WHAT IS BEING ASKED – Using the entries below, copy exactly each line from the line with "Женская футболка из" up to and including the line with "WAYF San Francisco", with every picture left out.

MATERIAL FOR THE TASK –

....

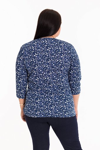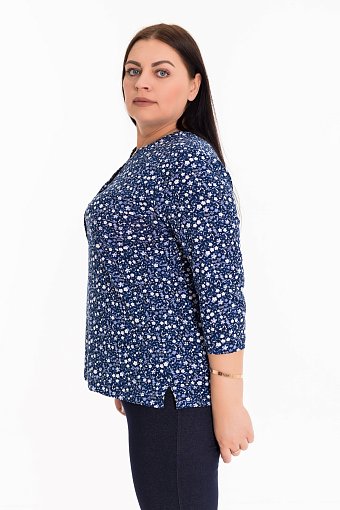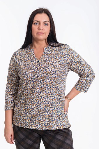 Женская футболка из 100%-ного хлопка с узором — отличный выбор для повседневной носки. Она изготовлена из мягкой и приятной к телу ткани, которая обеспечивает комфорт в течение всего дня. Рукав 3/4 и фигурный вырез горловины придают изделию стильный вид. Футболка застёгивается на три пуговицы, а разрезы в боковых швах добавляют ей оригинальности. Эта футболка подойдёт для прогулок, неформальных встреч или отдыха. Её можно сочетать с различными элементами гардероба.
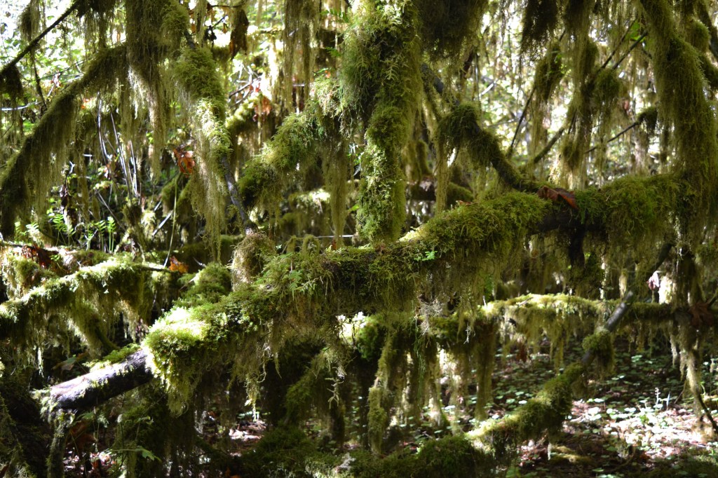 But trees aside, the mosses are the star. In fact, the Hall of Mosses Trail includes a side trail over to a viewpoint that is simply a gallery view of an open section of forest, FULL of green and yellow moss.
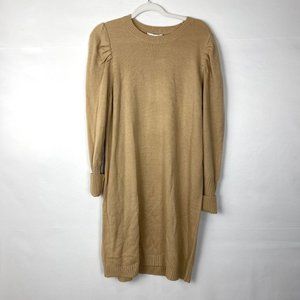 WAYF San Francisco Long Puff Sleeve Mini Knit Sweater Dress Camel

....

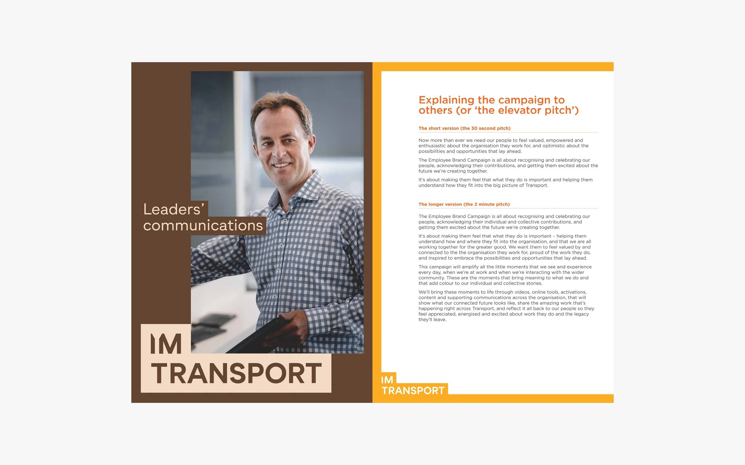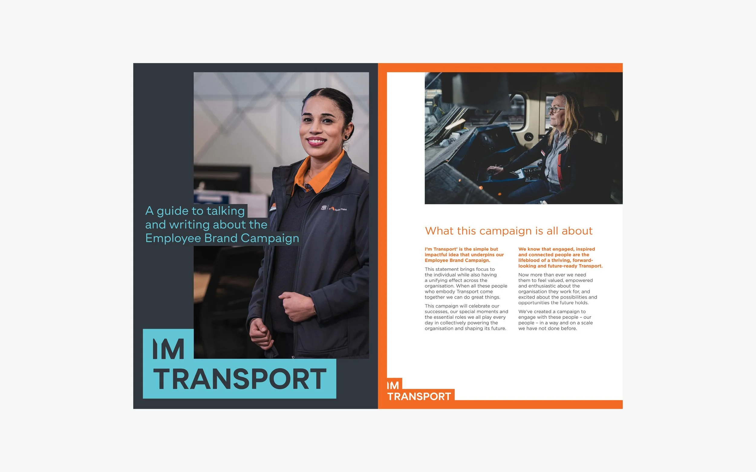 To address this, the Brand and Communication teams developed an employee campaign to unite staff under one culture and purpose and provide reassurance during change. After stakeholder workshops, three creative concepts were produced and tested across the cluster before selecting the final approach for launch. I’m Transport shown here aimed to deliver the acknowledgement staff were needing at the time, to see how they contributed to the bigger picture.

....

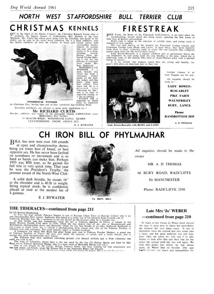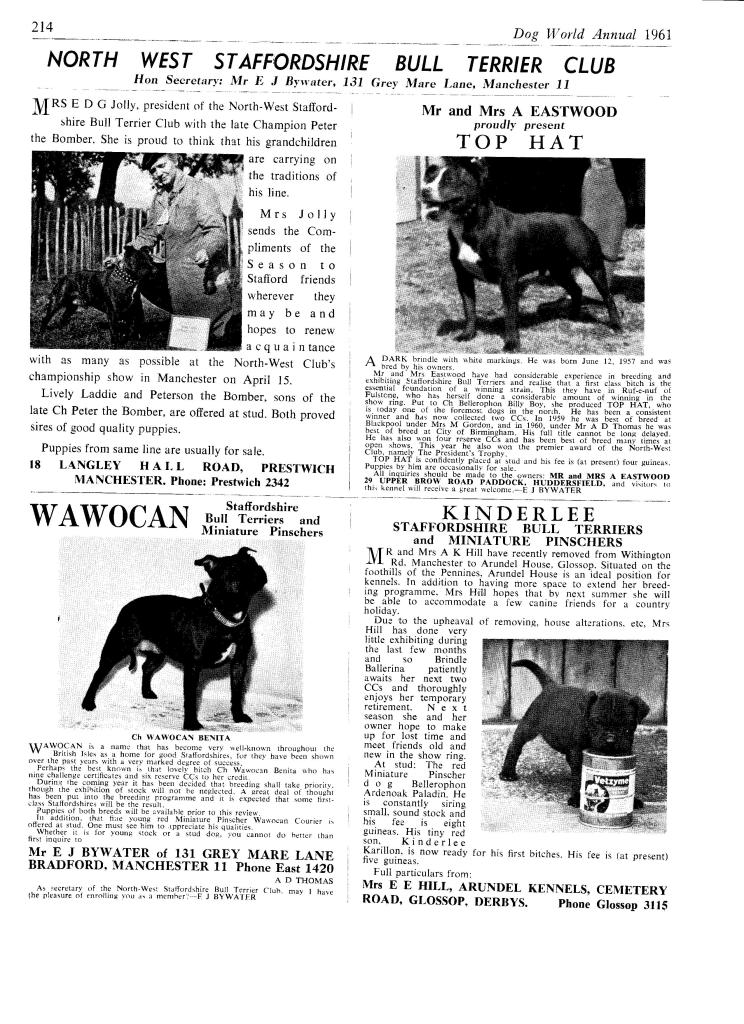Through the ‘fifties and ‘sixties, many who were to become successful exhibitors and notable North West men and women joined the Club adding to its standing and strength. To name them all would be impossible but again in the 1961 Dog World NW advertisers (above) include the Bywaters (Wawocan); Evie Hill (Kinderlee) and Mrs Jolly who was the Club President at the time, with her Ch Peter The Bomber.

....

YOUR RESPONSE –
 Женская футболка из 100%-ного хлопка с узором — отличный выбор для повседневной носки. Она изготовлена из мягкой и приятной к телу ткани, которая обеспечивает комфорт в течение всего дня. Рукав 3/4 и фигурный вырез горловины придают изделию стильный вид. Футболка застёгивается на три пуговицы, а разрезы в боковых швах добавляют ей оригинальности. Эта футболка подойдёт для прогулок, неформальных встреч или отдыха. Её можно сочетать с различными элементами гардероба.
 But trees aside, the mosses are the star. In fact, the Hall of Mosses Trail includes a side trail over to a viewpoint that is simply a gallery view of an open section of forest, FULL of green and yellow moss.
 WAYF San Francisco Long Puff Sleeve Mini Knit Sweater Dress Camel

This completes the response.